INPUT DATA:

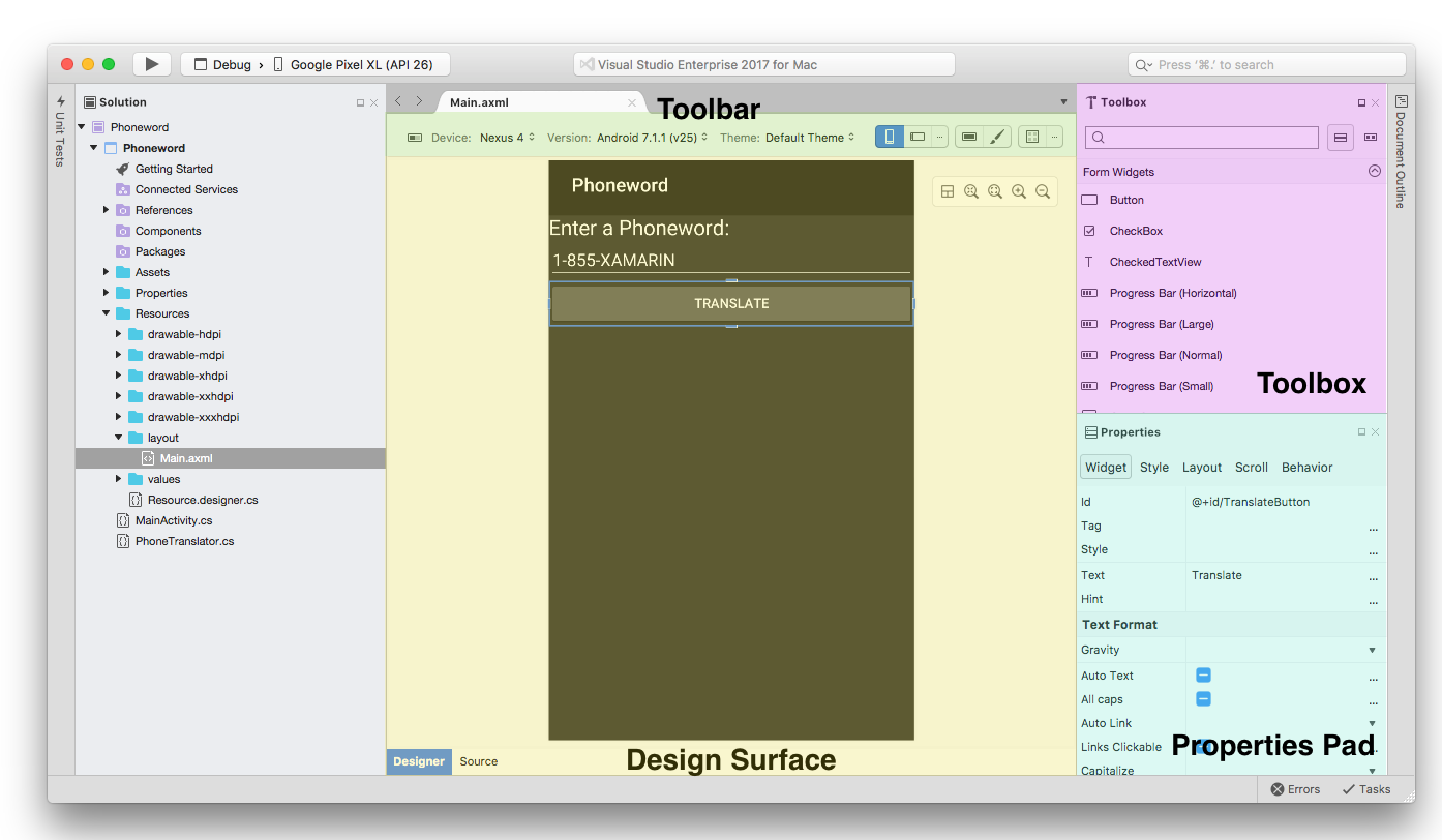 This XML source code should contain four control elements: Two TextViews, one EditText and one Button element. For a more in-depth tour of the Android Designer, refer to the Xamarin Android Designer Overview guide.
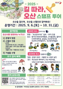 오산시는 가을철 관광객 유치를 위해 오는 6일부터 10월 31일까지 ‘길 따라, 오산’ 스탬프 투어를 운영한다.이번 프로그램은 오산시 주요 관광지와 역사·문화 자원을 둘러보며 지역의 매력을 체험할 수 있도록 기획됐으며 온·오프라인 방식으로 진행된다.특히 올해는 시민들의
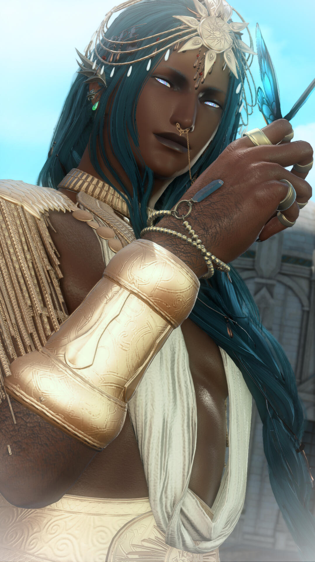 "TO KNOW OF HUÁKINTHOS is to know of his tenure at the Akadaemia Anyder, beloved of those grand halls as the advisee of Headmaster Akhelôios—a scholar beholden to their wanderlust who would see their advisement transferred to the august hands of the premier scholar of creation magicks, Lahabrea."To know of Huákinthos is to know of their own wanderlusts, an inheritance that the Convocation sought to give purpose with the august mantle set upon his shoulders. To walk among the people of Etheriys and offer them succor and shield against the travails of the star—in his footfalls are mercies. A man beloved of the star without, unflinching before his duty to safeguard the mysteries of his precious home."To know of Huákinthos is perhaps to know of his creations—the kuanéos calculations and their startling intricacy, the pioneering geōmetríā that would capture the color of the sky upon the wings of a petaloúda, released to dance upon Elpis's zephyrs. Perhaps 'tis the signature color of his magic in truth, the azure light stretched as a gossamer veil to shield against the most grievous blows."Yet to know Huákinthos is to hear the dulcet simmer of his voice near the end of day, to know that heart-sad music singing the fulgent light to his beloved west, to the shores of a pearl hewn shimmering from the cliffside."To know Huákinthos is to taste the wine sticky upon his lips merely by sight, to feel his eyes linger upon your own. To witness a tawny shoulder or a errant curl peeking from his robes, the flush of mirth at the edges of his mask. To hear your name in his mouth, sweet as golden honey."To know Huákinthos is to witness the opals spun bright at his eyes when you light on a topic of interest. To see him fold his gilded hands, set his face upon them, and smile as though he has heard the star's greatest secret."
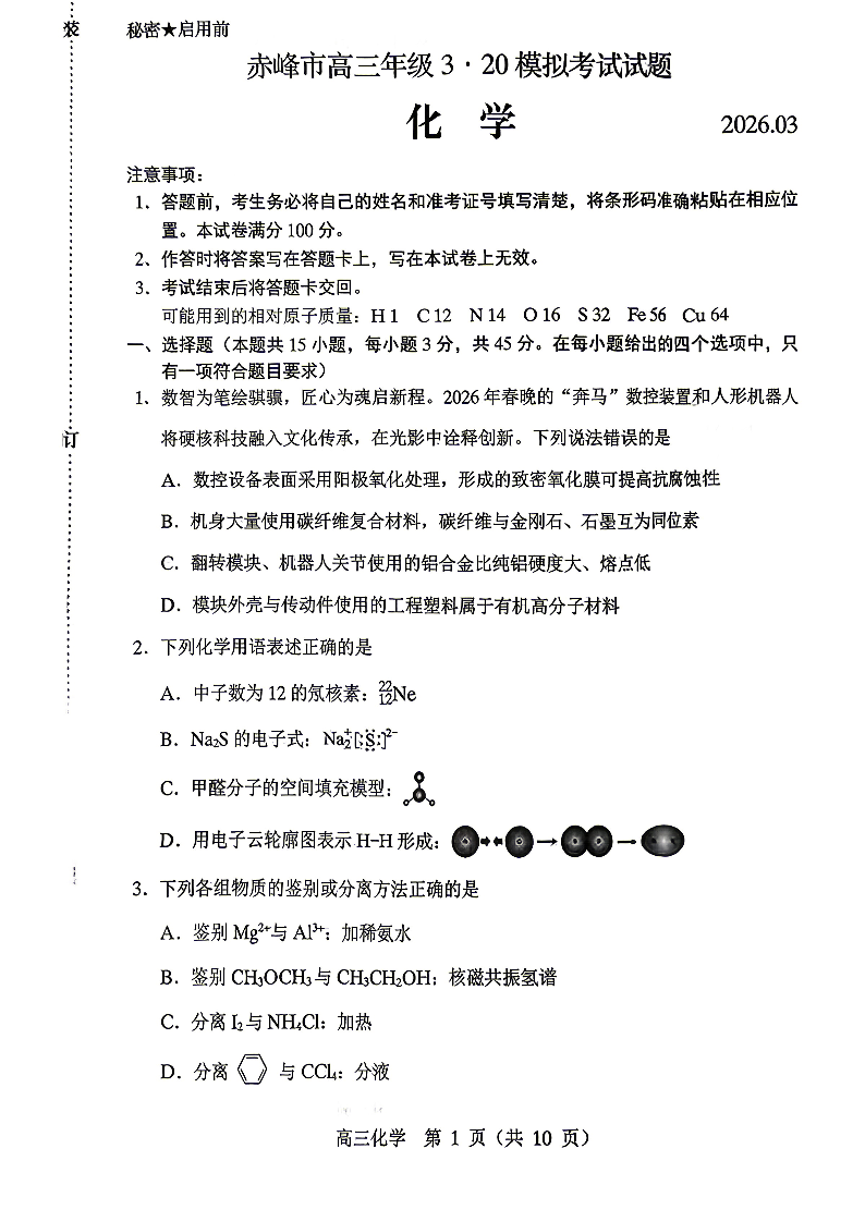 赤峰市2026年高三3·20模拟测试 化学.pdf
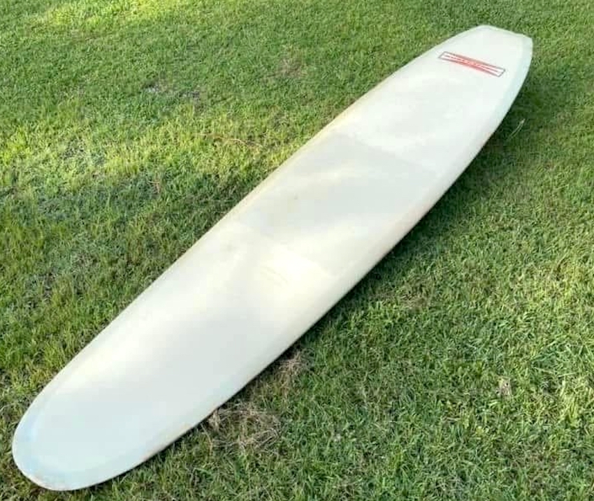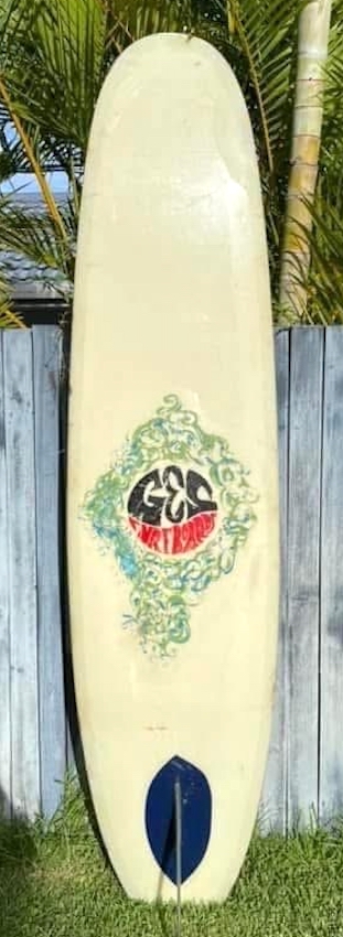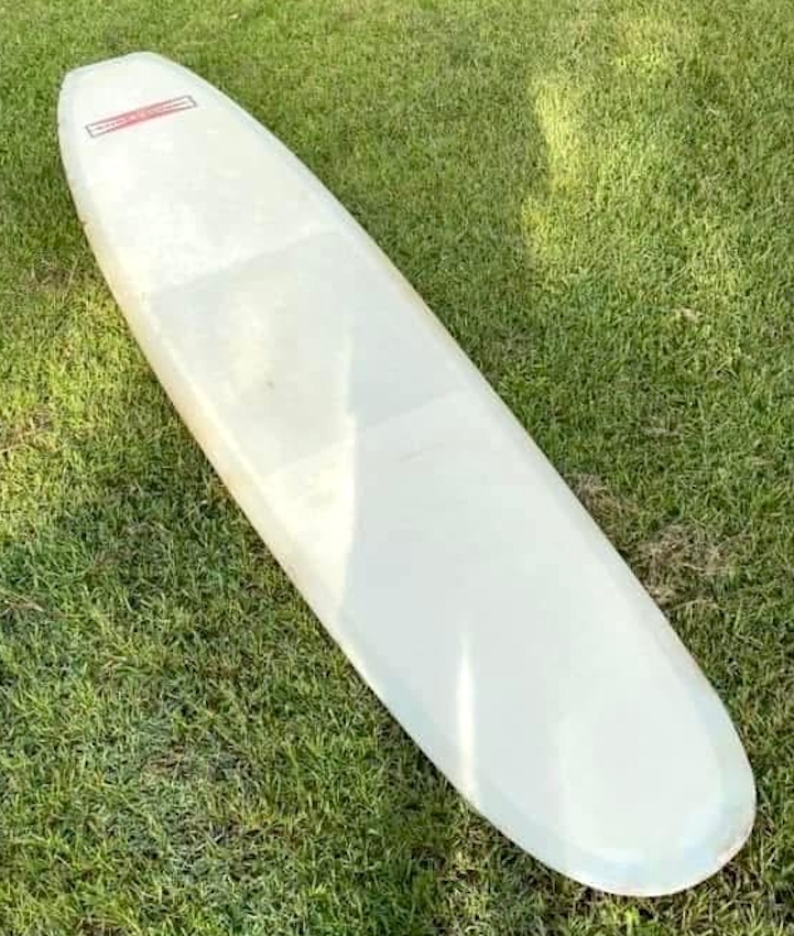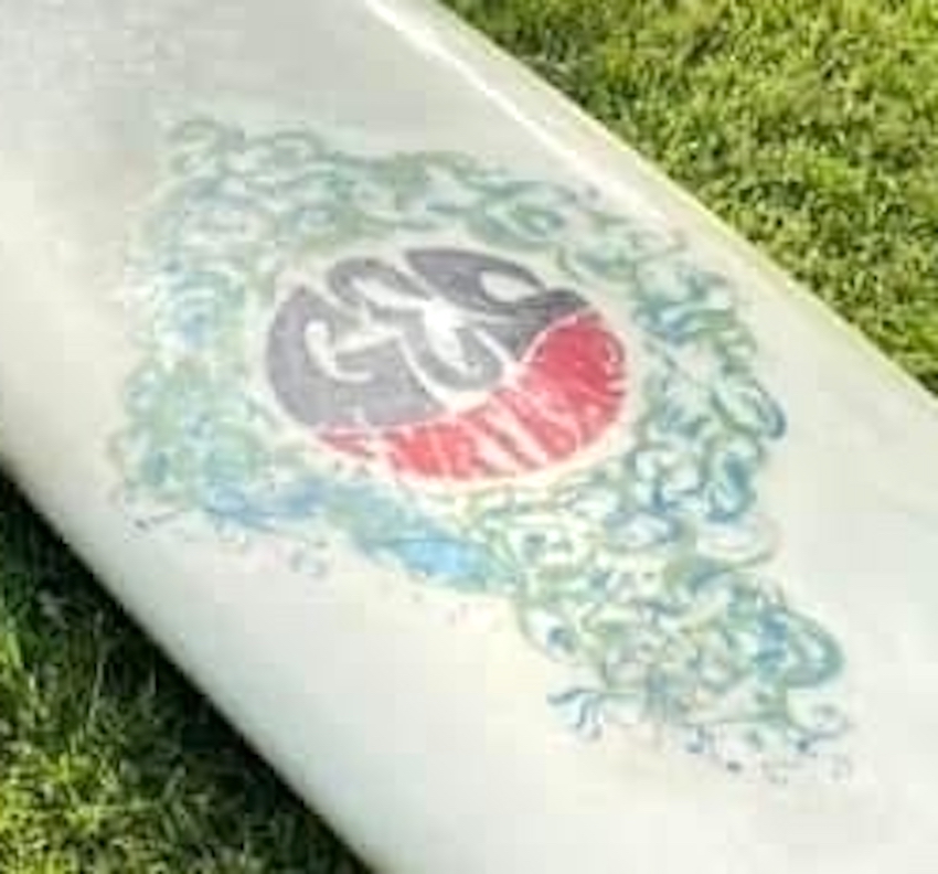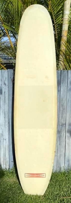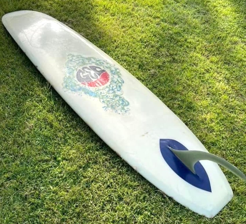 This board is a part of a collection & is a great example of the era of peace & love with the psychedelic logos. The heavy V Bottom and wide tail made them very loose compared to the old style log, but many found them difficult to ride until you got used to the rail-to-rail turning ability.

TO DO:
Copy out the whole listing exactly, and don't carry over any pictures.

TASK RESPONSE:
 This XML source code should contain four control elements: Two TextViews, one EditText and one Button element. For a more in-depth tour of the Android Designer, refer to the Xamarin Android Designer Overview guide.
 오산시는 가을철 관광객 유치를 위해 오는 6일부터 10월 31일까지 ‘길 따라, 오산’ 스탬프 투어를 운영한다.이번 프로그램은 오산시 주요 관광지와 역사·문화 자원을 둘러보며 지역의 매력을 체험할 수 있도록 기획됐으며 온·오프라인 방식으로 진행된다.특히 올해는 시민들의
 "TO KNOW OF HUÁKINTHOS is to know of his tenure at the Akadaemia Anyder, beloved of those grand halls as the advisee of Headmaster Akhelôios—a scholar beholden to their wanderlust who would see their advisement transferred to the august hands of the premier scholar of creation magicks, Lahabrea."To know of Huákinthos is to know of their own wanderlusts, an inheritance that the Convocation sought to give purpose with the august mantle set upon his shoulders. To walk among the people of Etheriys and offer them succor and shield against the travails of the star—in his footfalls are mercies. A man beloved of the star without, unflinching before his duty to safeguard the mysteries of his precious home."To know of Huákinthos is perhaps to know of his creations—the kuanéos calculations and their startling intricacy, the pioneering geōmetríā that would capture the color of the sky upon the wings of a petaloúda, released to dance upon Elpis's zephyrs. Perhaps 'tis the signature color of his magic in truth, the azure light stretched as a gossamer veil to shield against the most grievous blows."Yet to know Huákinthos is to hear the dulcet simmer of his voice near the end of day, to know that heart-sad music singing the fulgent light to his beloved west, to the shores of a pearl hewn shimmering from the cliffside."To know Huákinthos is to taste the wine sticky upon his lips merely by sight, to feel his eyes linger upon your own. To witness a tawny shoulder or a errant curl peeking from his robes, the flush of mirth at the edges of his mask. To hear your name in his mouth, sweet as golden honey."To know Huákinthos is to witness the opals spun bright at his eyes when you light on a topic of interest. To see him fold his gilded hands, set his face upon them, and smile as though he has heard the star's greatest secret."
 赤峰市2026年高三3·20模拟测试 化学.pdf
 This board is a part of a collection & is a great example of the era of peace & love with the psychedelic logos. The heavy V Bottom and wide tail made them very loose compared to the old style log, but many found them difficult to ride until you got used to the rail-to-rail turning ability.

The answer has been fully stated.